Hypholoma tuberosum

Scientific classification
- Kingdom: Fungi
- Division: Basidiomycota
- Class: Agaricomycetes
- Order: Agaricales
- Family: Strophariaceae
- Genus: Hypholoma
- Species: H. tuberosum
- Binomial name: Hypholoma tuberosum Redhead & Kroeger

= Hypholoma tuberosum =

- Genus: Hypholoma
- Species: tuberosum
- Authority: Redhead & Kroeger

Hypholoma tuberosum is a species of mushroom in the family Strophariaceae. It is the only mushroom in the genus Hypholoma to grow from a sclerotium.

==Description==
The cap of Hypholoma tuberosum is orangish brown, and is convex or campanulate. It is 2–6 centimeters in diameter. The stipe is about 2–4 centimeters long aboveground, and about 48 millimeters wide. The gills are adnate and start out grayish, eventually becoming purplish black.
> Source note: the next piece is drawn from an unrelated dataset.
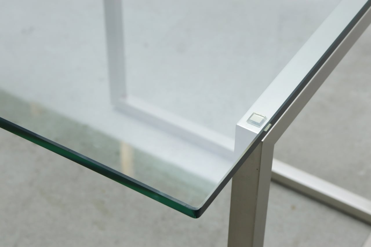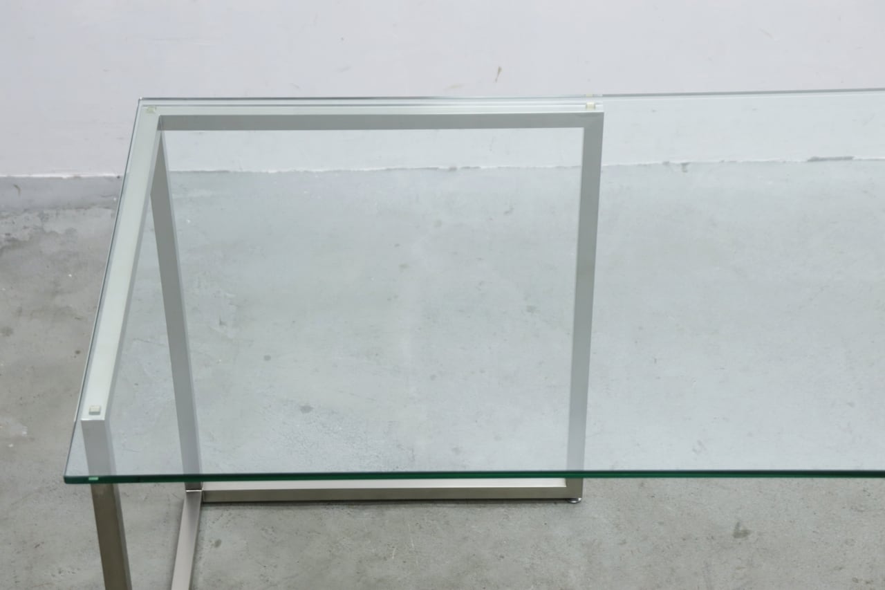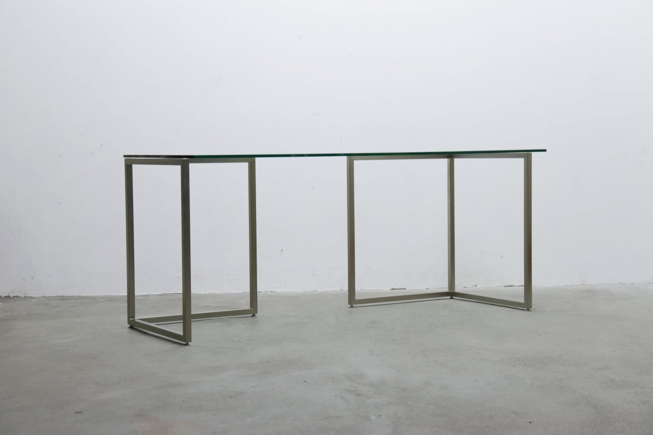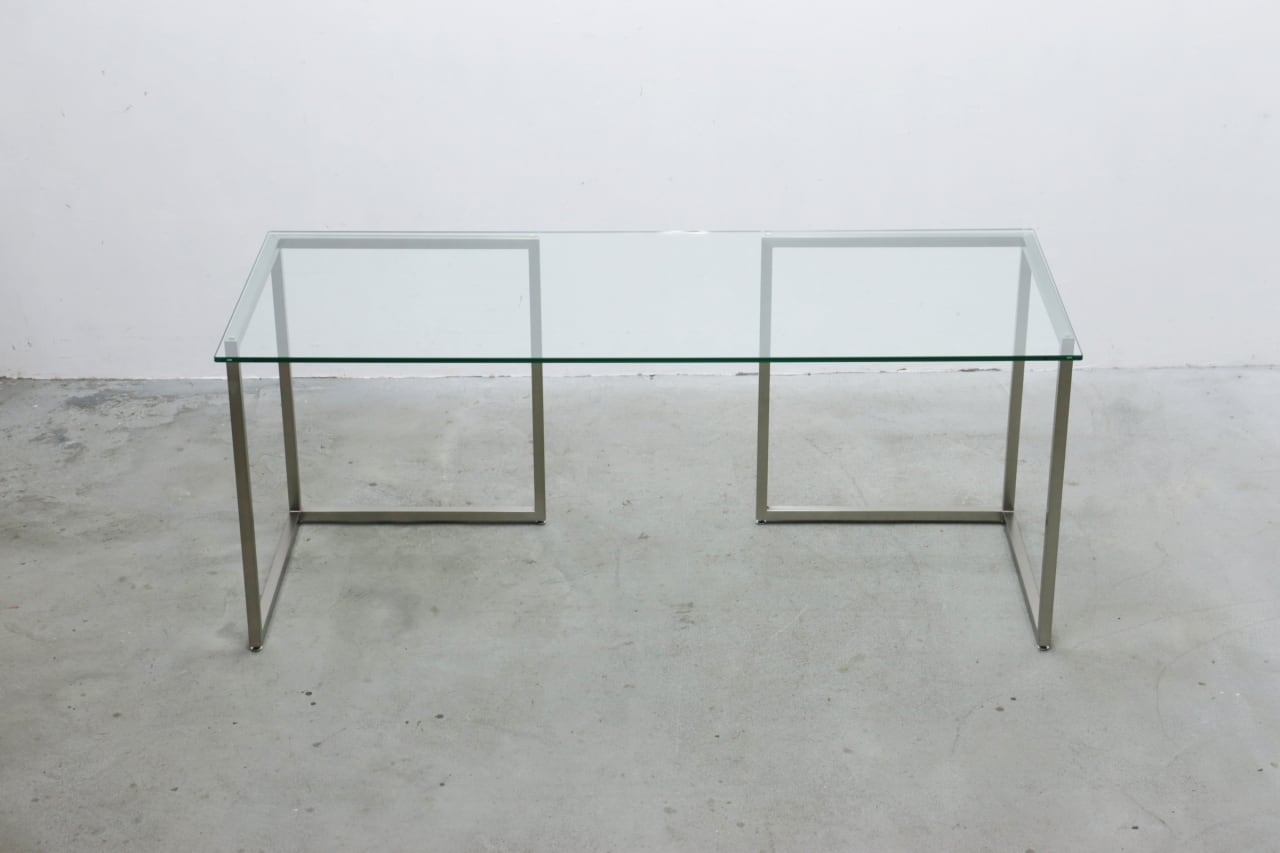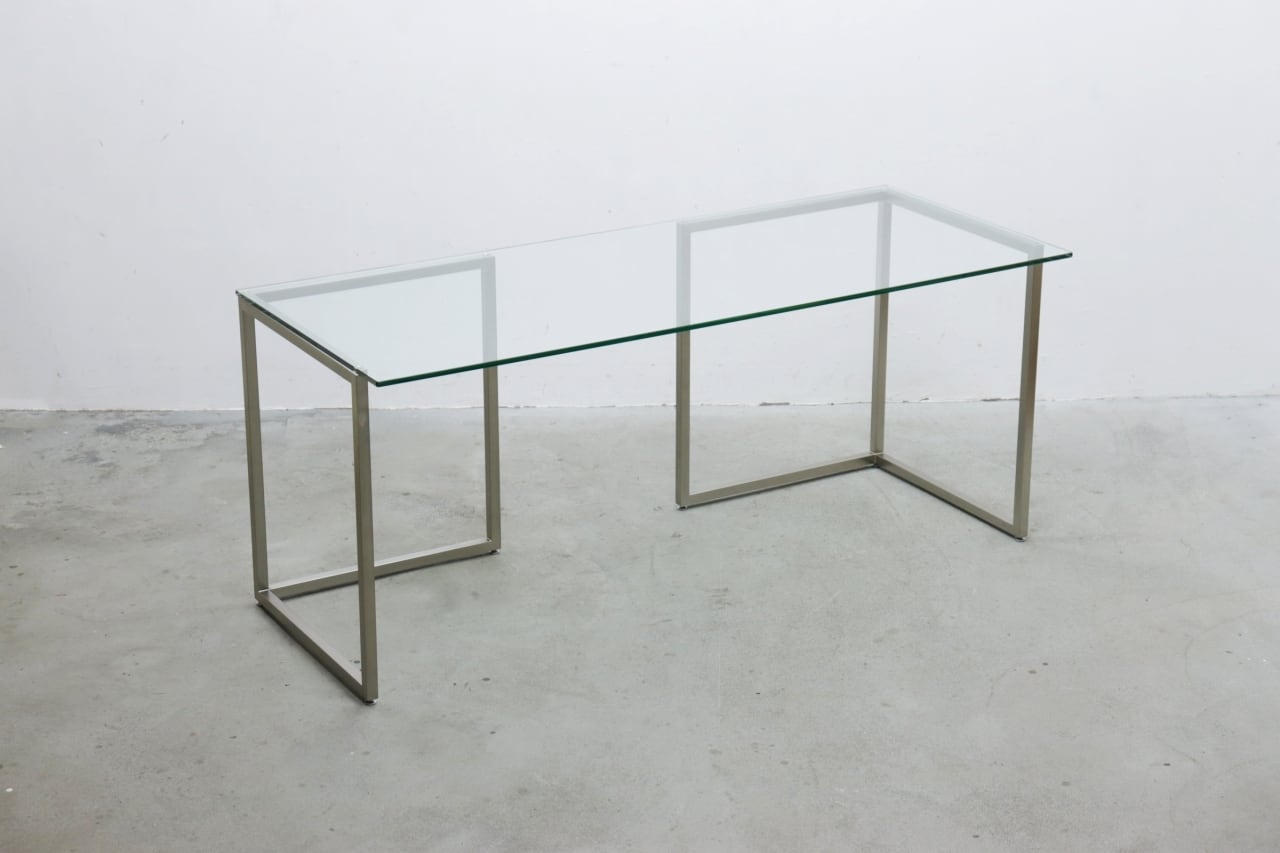 イギリスのオフィス家具メーカー、BISLEYのデスク「L-FOOT 」ガラス天板・ステンレスレッグです。

The spore print is purplish brown, and the mushroom grows from an underground sclerotium.

===Similar species===
Agrocybe arvalis is similar to Hypholoma tuberosum, as it also grows on woodchips and has sclerotia, but its sclerotia are more round and the mushroom is lighter in color.

==Habitat and ecology==
Hypholoma tuberosum is saprophytic and grows on woodchips. It also grows in nutrient-rich soils, and is found in cities. It is found in China, parts of Europe, Japan, Australia, the United States, and British Colombia. In British Colombia, it is invasive, having been brought there on potted plants from Australia. It is thought to have originated in Australia.